By Aditi Dalal | Sun, February 19, 23
Welcome to the first Regional Energy Data Dive of 2023. We are excited to announce that after spending the fall and winter collecting data for the newest update, we are ready to dig into what the numbers show. For the first time in REED history, we have collected data from Pennsylvania, allowing a more comprehensive view of energy efficiency programs in the Northeast and Mid-Atlantic.
While we are still putting the finals touches on the REED Master Workbook, some trends are starting to appear. Let’s take a dive in to see how energy efficiency savings have changed.
Most Effective Program Types
Recently energy efficiency programs have been entering a paradigm shift, from focusing on near-term energy savings to more long-term, greenhouse gas reduction strategies.
Using the 2020 data, we are able to see which program types were the most cost effective in achieving the two goals of energy savings and carbon reduction goals. To analyze this, we calculated net annual electric savings (MWh) per $1,000, net lifetime energy savings (MWh) per $1,000, and pounds of CO2 emissions avoided per $1,000.
From this, we get a sense of the most impactful program results from both a regulator perspective and from a program administrator perspective.
Below are the results.
Programs that target behavior and education get the quickest “bang for the buck” as they had the highest net annual energy savings per $1,000. Because education and behavior programs are less expensive to run and result in immediate savings, their return-on-investment in annual savings is higher than other program types. These programs are often home energy reports that highlight an end user’s total energy usage, compare their usage to their neighbors’ usage, and suggests ways to reduce consumption. These programs can also take the form of alerts that encourage residents to turn up their air conditioning to release load on the grid. They provide savings through aggregating the actions of many customers to optimize energy usage.

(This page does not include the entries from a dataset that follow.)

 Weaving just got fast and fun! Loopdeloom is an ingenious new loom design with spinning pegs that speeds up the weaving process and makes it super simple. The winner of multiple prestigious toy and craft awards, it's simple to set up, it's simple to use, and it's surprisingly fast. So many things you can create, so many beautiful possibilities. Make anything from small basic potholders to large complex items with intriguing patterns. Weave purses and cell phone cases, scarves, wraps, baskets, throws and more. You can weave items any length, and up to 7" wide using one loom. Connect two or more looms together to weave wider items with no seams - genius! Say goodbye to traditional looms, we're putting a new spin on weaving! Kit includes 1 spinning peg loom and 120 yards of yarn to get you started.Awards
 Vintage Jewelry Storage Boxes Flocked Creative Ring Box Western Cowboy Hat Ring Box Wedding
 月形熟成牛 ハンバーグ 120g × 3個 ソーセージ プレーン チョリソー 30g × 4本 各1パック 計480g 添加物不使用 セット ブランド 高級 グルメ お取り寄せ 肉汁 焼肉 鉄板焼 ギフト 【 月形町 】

Programs that target the Commercial and Industrial (C&) sectors – both new construction and retrofits – provide savings over a longer period of time. Large C&I retrofits also provide a large return on investment as their energy savings last for a longer period of time and their projects tend to produce the largest amount of energy savings. Such retrofits may include new cooling systems for grocery stores or a sealed refrigeration system for restaurants. Massachusetts' Existing Building C&I Retrofit Program by NSTAR Electric ranked the highest with around $8 million MWh of energy savings for 2020. Additionally, new construction programs also have long lasting effects as efficiency is built into the construction from the start. This ensures buildings are properly sealed and use energy efficiently.

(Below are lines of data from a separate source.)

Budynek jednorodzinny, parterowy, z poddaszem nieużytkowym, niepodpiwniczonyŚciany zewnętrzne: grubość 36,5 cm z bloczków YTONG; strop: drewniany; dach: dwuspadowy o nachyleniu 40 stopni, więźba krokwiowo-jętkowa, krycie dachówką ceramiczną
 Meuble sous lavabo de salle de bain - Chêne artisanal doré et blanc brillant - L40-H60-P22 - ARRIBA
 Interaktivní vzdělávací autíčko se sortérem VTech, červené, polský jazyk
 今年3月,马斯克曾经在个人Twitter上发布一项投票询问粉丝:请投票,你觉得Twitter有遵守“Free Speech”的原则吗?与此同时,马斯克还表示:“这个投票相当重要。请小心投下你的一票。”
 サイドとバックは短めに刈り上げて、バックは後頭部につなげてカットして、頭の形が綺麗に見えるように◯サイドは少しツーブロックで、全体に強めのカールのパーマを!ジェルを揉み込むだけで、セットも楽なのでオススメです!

Programs that target appliance replacement and large C&I retrofits provided the most reduction in CO2 emissions. Appliance replacement programs provide emissions reductions as they allow customers to switch from fuel, natural gas, and inefficient electric appliances to higher performing electric appliances, lowering energy and emissions. Along with this, retrofits, especially for larger buildings, reduce energy need, lowering CO2 demand.
What this Means for Future Programs
What this shows is the need to create a mixed approach to implementing energy efficiency programs. Not every program will achieve optimal energy savings and GHG emissions, but a well-balanced approach can ensure that both of these priorities are getting tackled.
Policy makers and program administers should consider the balance between energy savings and GHG emissions. They can align their efficiency and climate goals with the upcoming Inflation Reduction Act funding because the funding provides opportunities for each of these categories. The HOMES and HEEHRA programs will allow administrators to dedicate funding towards residential energy efficiency and efficiency electrification. As shown in the data, retrofits and appliance programs can help administrators produce more long-term energy savings and CO2 reductions.
Additionally, states can encourage businesses to take advantage of tax credit 179D which allows commercial spaces to retrofit existing buildings. Owners will receive incentives based on the amount of energy saved from a project and have the ability to earn more through following certain wage and labor requirements. The next few years will provide many opportunities to grow these programs. It will be exciting to see how states funnel funding to different programs and prioritize various goals.